Music
in the Workplace
June
30, 1997
Dear
friend:
I
am generally moved to write after I've read an article
or a book that struck me as insightful.
This
time it's just a bit different. On Friday I saw a movie
that touched me deeply. I want you to know about it with
the hope you might also get to see it.
It's
called Brassed Off. It's the story of a
brass band which is associated with a place of work -
a coal mine in the north of England. The pit (mine) is
about to be closed. No one will listen to the voice of
the miners.
But
the brass band plays on - barely. And because the music
is both beautiful and powerful, the voice of the community
is still listened to. Consequently, the community is not
destroyed by this terrible economic misfortune.
I
am sure that I was so powerfully touched by this movie
becaue of my background - both the fact that I was a minister
and the fact that I am from a long line of coal miners,
in my case not from England, but from Wales.
I
am often asked if I miss the ministry. The answer, which
varies in length, always has two parts to it.

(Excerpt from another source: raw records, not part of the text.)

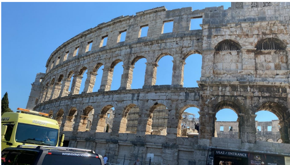
Slika 1 Puljska arena

Pisal se je 2. avgust in bil je topel poletni torek, ko smo se s prijateljicami odpravile na poletni oddih na sosednjo Hrvaško. Za počitniško destinacijo smo si izbrale Pulo, saj ima Slovenija do Pule dobro železniško povezavo, v Puli se zbira veliko mladih, obenem pa slovi tudi po nekaterih znamenitostih.
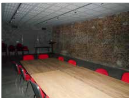
▲ Het toekomstige 'bezemkot'
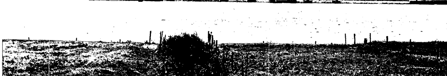
Overzicht Nijmeegse benedenstad.

V.l.n.r. Stratennakerstoren, Valkhof, Romeinse muur, Besiendershuis, Raadhuistoren en Brouwershuis.
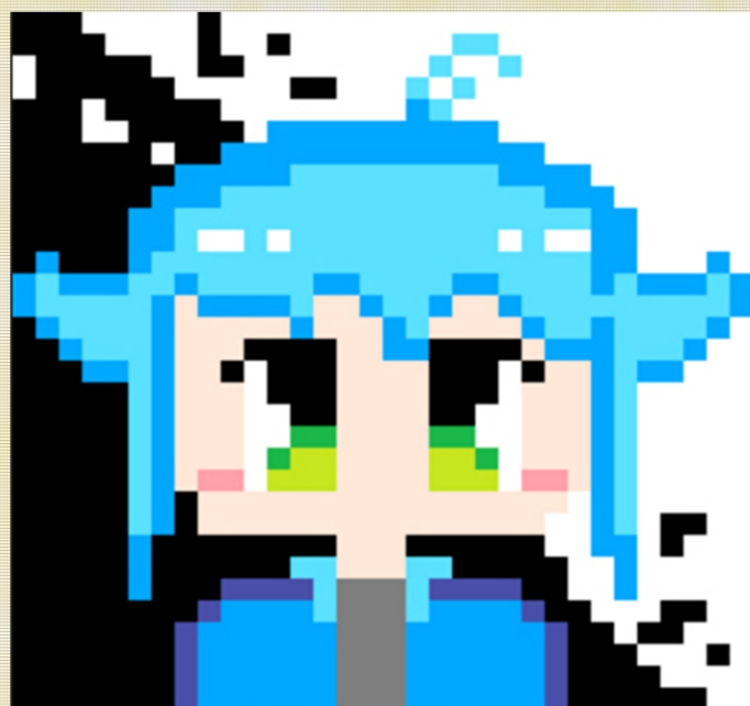
obrázok by Nika Engelwood

Vyrobila RR časopisu Cooloviny v spolupráci so žiakmi ZŠ Špačince
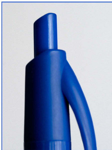
Muchos de los objetos más comunes se prestan a nuestro juego del menos es más .
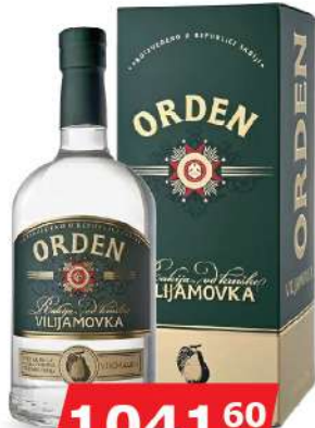
KALEM ORDEN VILJAMOVKA 0,7L
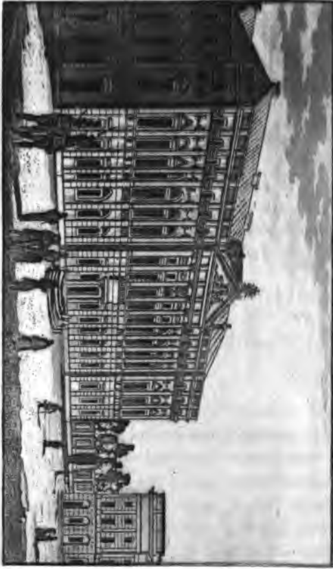
Enam's naphawakoti Navgadu ds. Daphwabr.
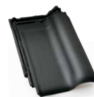
Antracitová engoba (mat)
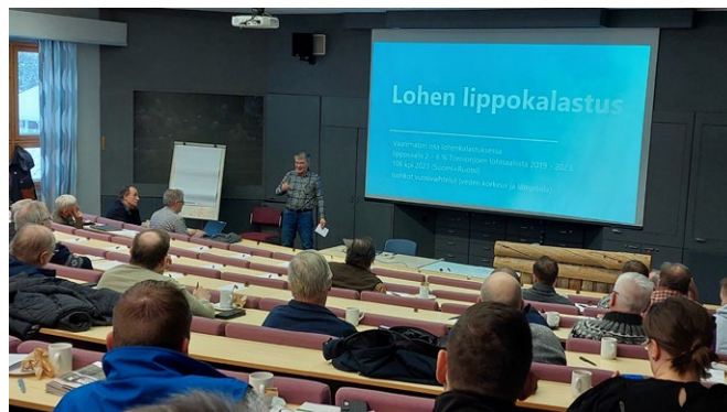
Diskussionen om fiskestadgan var livlig på mötet för intressegrupper som arrangerades tillsammans med Jord- och skogsbruksministeriet.

Kommissionens sekretariat och en del av ledamöterna deltog i intressentmöte i Ylläs som anordnades av jord- och skogsbruksministeriets fiskemyndigheter. Mötet handlade om 2025 års fiskeregler i Torneälven och tillställningen anordnades i samarbete med kommissionens sekretariat och ministeriet. Ungefär 50 deltagare från områdets andelslag, fiskeområden och kommunerna fanns på plats.
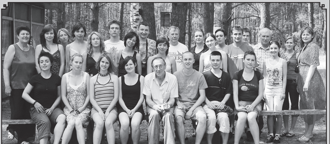
Польские студенты с удовольствием отдохнули в «Зеленом бору».

Беседовали Н. МОРОЗОВА и Е. ТОЛОЧАНОВА, гр.8612.
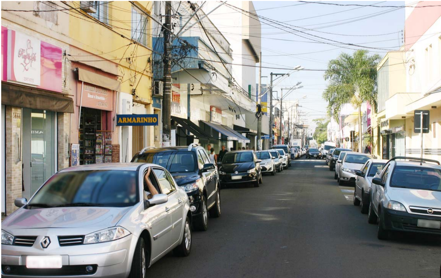
EM BAIXA: Índice de Confiança do Comércio, medido pela Fundação Getulio Vargas (FGV), recuou 0,8 ponto de junho para julho

Serasa, mostra que em média, de cada 10 brasileiros, quatro estão endividados. Desde o início da pesquisa em 2016, esse é o maior nível de endividamento registrado.
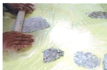
薄～くのぼしました
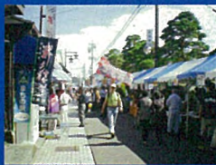
⑥ 由比街道まつり(由比)(10月)
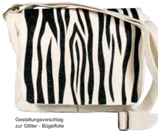
Gestaltungsvorschlag zur Glitter - Bügel folie

Gold-18, Kirschrot-30, Rosa-40, Himmelblau-61, Lavendel-75, Schwarz-90, Silber-92 Farbnummern bitte angeben! 2318 .. per Stk. ....4,99
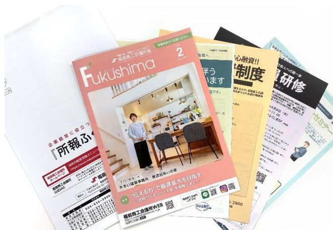
写真：チラシを同封して発送する際の状態

「所報ふくしま」に貴社がお持ちの商品チラシを同封して、会員事業所等へお届けします。
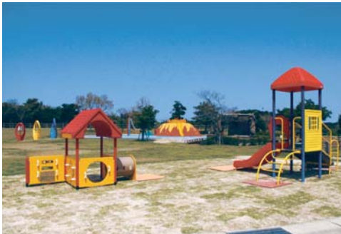
▲ 不老山総合公園内の遊具
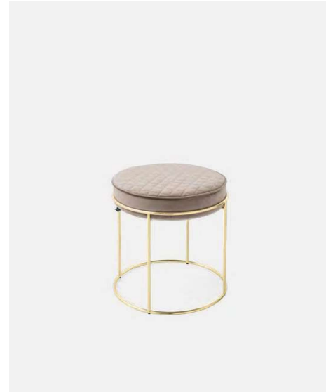
Atollo Pouf /Ottoman CS5104 P175 / S0F
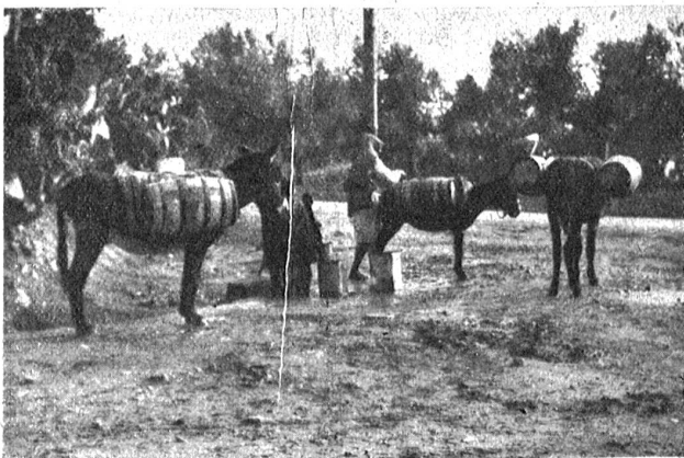
Wasserverkäufer von Sidi Bou Saïd.

Von dem Garten des arabischen Hauses, welches ich bewohne, hat man eine wunderbare Fernsicht auf das Meer. Stundenlang kann ich dort sitzen und ins Weite schauen.
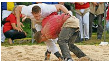
Das 10. Fraumatt-Schwinget findet am 18. August in Oberwil statt.

Die Gründungsidee für ein Schwinget in Oberwil im Leimental fusste 2009 auf dem Bestreben, den vielen Jugendlichen, die im Schwingklub Oberwil und in Klubs der Umgebung als Jungschwinger den Sport kennenlernen, in der Nähe ein Schwingfest anzubieten, wo sie das Erlernte in der Praxis umsetzen und sich mit echten Gegnern messen konnten. 2009 wurde das Fraumatt-
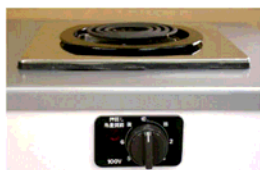
一口こんろ(前面操作) ※写真は富士工業製

身体や物が接触し、意図せずスイッチが「入」となる可能性がある構造であったために、電気こんろの上や周囲に可燃物が置かれていて、火災事故に至る危険性があります。
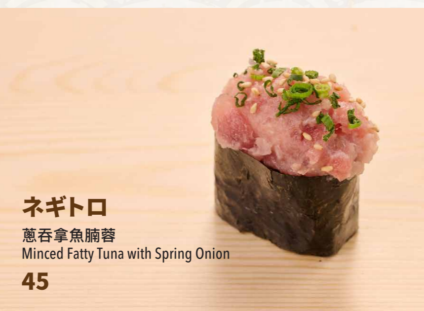
ネギトロ 蔥吞拿魚腩蓉 Minced Fatty Tuna with Spring Onion 45
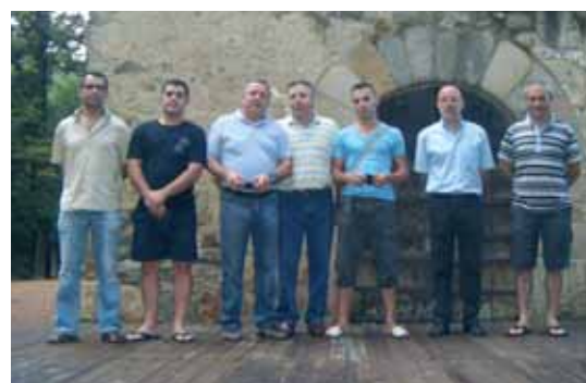
Penya Barcelonista de Sant Celoni, Cadet: campions de 2ona divisió i ascens a 1era divisió
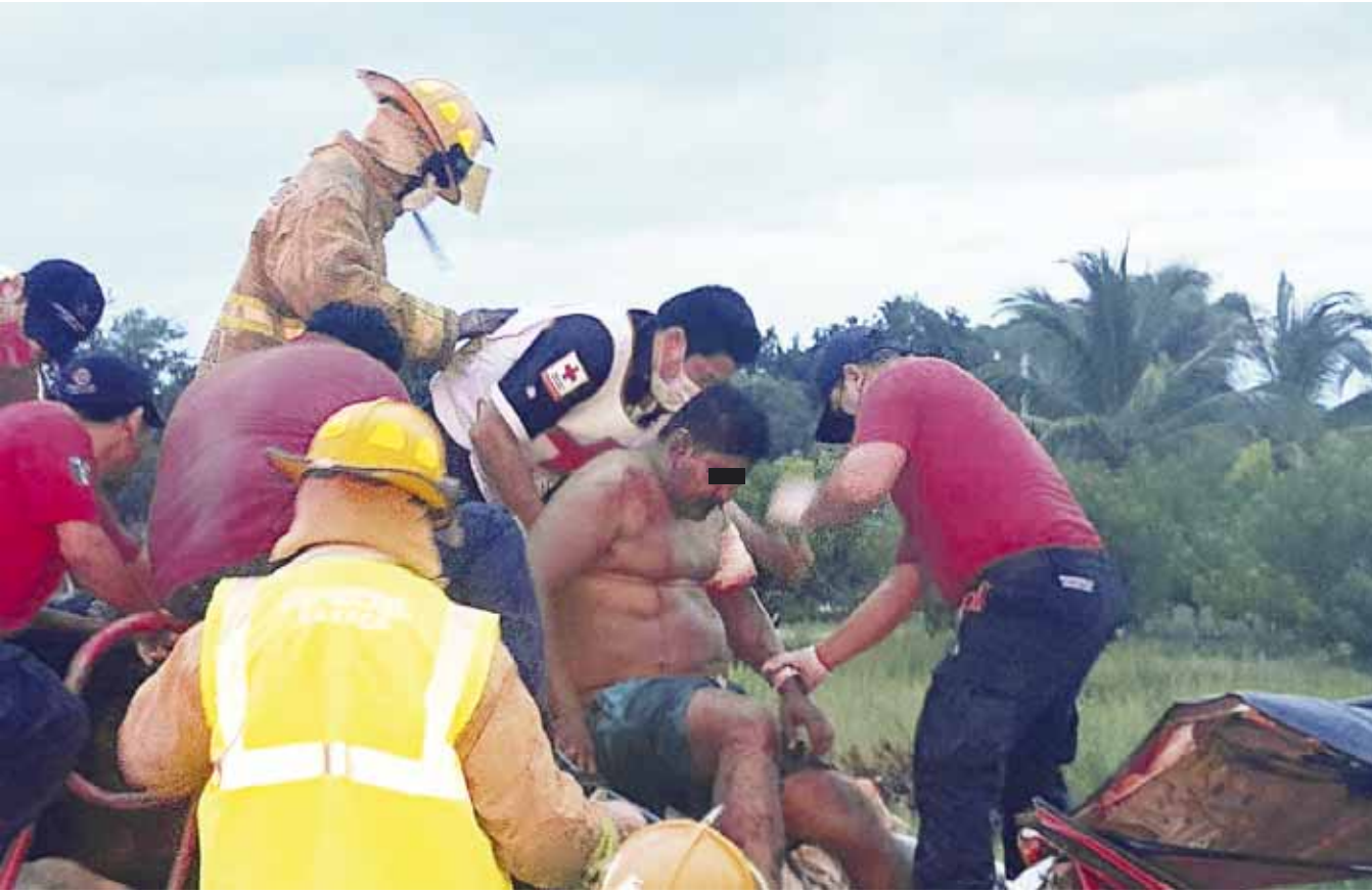
► El hombre fue rescatado de entre los fierros con las piernas rotas.

policiaca@imparcialenlinea.com / Teléfono 501 83 00 Ext. 3176
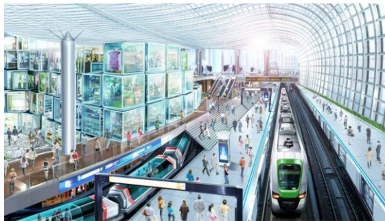
夢洲駅 開放的で出会いの予感に満ちた駅

2018年12月20日 Osaka Metro Group「地下空間の大規模改革及び夢洲開発への参画について」より
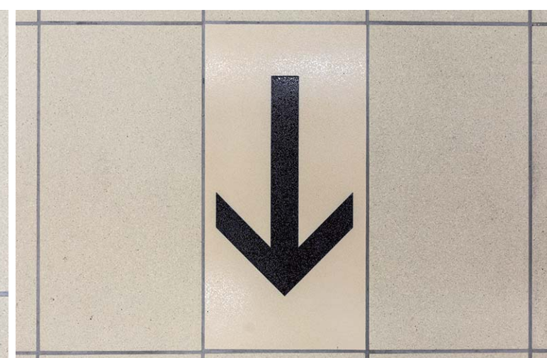
内装床面タイルディテール
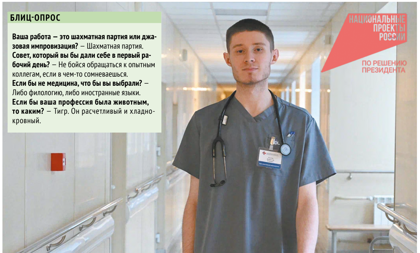
Врач-анестезиолог-реаниматолог защищает пациента от хирургического стресса

Если бы ваша профессия была животным, то каким? — Тигр. Он расчетливый и хладнокровный.
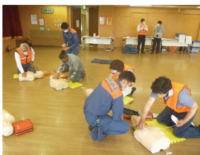
▲ 心肺蘇生法・AED使用方法
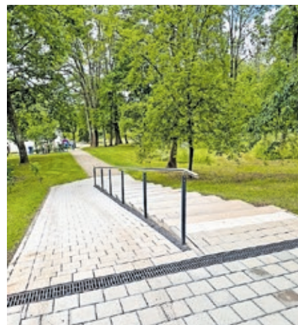
Eine Rampe an der Podesttreppe im „Obstgarten“ sorgt jetzt für mehr Barrierefreiheit.

Der „Obstgarten“ grenzt direkt an die Kita Eschberg und das Seniorenwohnstift Egon-Reinert-Haus an. Bei der Neugestaltung legte die Landeshauptstadt besonderen Wert auf Barrierefreiheit. Neue Zugänge, unter anderem vom Egon-Reinert-Haus und vom Saalepfad aus, ein nun asphaltierter Hauptweg für mehr Trittsicherheit und eine neue Rampe an der Podesttreppe ermöglichen auch Menschen mit eingeschränkter Mobilität einen sicheren Zugang zu der Anlage. Außerdem gibt es
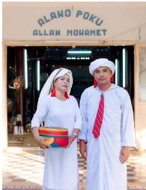
Hình 11. Câu trên: “Thượng đế của bề tôi”, câu dưới: Allah – Muhammad.

Lưu ý: Hai dòng trên, nhiều người suy diễn thành: Alahu Poku là bề trên của Allah và Muhammad.
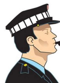
Señales hechas con silbato
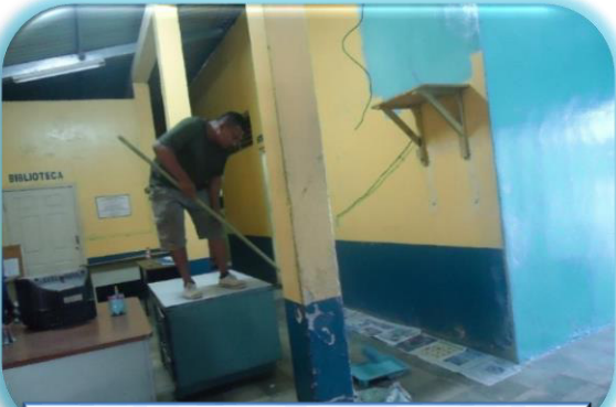
Pintado recinto general C.P. de Danlí

Se realizaron obras de construcción y reparaciones en los centros penitenciarios como parte de mejoramiento continuo de las instalaciones en los establecimientos penitenciarios
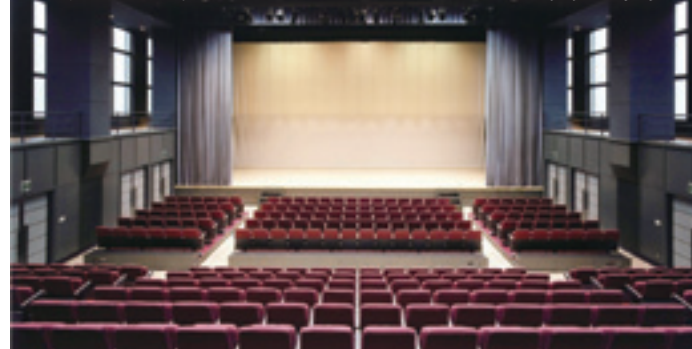
▲千住にある東京芸術センター最上階(21階)の多目的ホール。創造力を自由に表現できます
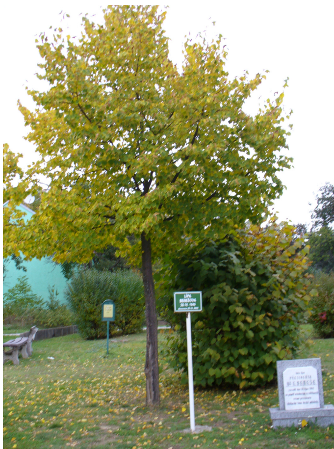
Za původní lípu z roku 1945 byla zasazena nová lípa a má se k světu

NO (I feel that my present work is very much a ministry
- and a challenging and vital one at that).….
BUT
I DO MISS PARTS OF IT, MOST ESPECIALLY THE MUSIC (for
it was the music of the church that sustained and strengthened
us both as individuals and as a community in all times
of transition).
I
learned to respect the power of music from my father,
who was a musician, a very Welsh musician. My dad was,
I believe, conceived in Wales and born in the United States.
His father, who had already left the coal fields of north
Wales to settle in the coal region of northeastern Pennsylvania,
had returned to Wales to marry and bring his bride back
with him. Soon after the family settled in the States,
my grandfather died in the epidemic of 1918. From then
on my dad supported his family by working as a breaker
boy in the colliery and by singing in an Anglican church
as a boy soprano. It was only when he got to college that
he finally settled on a career, choosing not to be a mining
engineer (as was his brother), but to be a music educator
(as was his sister). As I grew up and the economy of our
part of the country (the Wyoming Valley of Pennsylvania)
got weaker and weaker, I firmly believe that my father
helped to hold the people together - both as individuals
and as a community.
Every
Tuesday night he went off to lead his community choir.
And
on lots of Sundays, we spent the afternoon singing hymns
with the other Welsh congregations. (Those singing festivals
were called Gymanva Ganus.)
And
once a year we had to sit through long sessions while
singers of all ages and voices and combinations - from
soloists to full choirs -- competed with one another."
(Those competitions - which are central to the movie Brassed
Off - were called Eisteddfods, which means "the
sitting" in Welsh).
Now
that I have grown up, and now that I have left the ordained
ministry, and now that I get to work with individuals
and corporations that are going through major transitions,
I often wonder how we could use music to help us through
these troubled times.
I
still don't have the answer to my wondering, which I guess
is the real reason for this letter. Maybe, if you have
some time, you might see Brassed Off and
share your insights with me. I'd really like to hear them.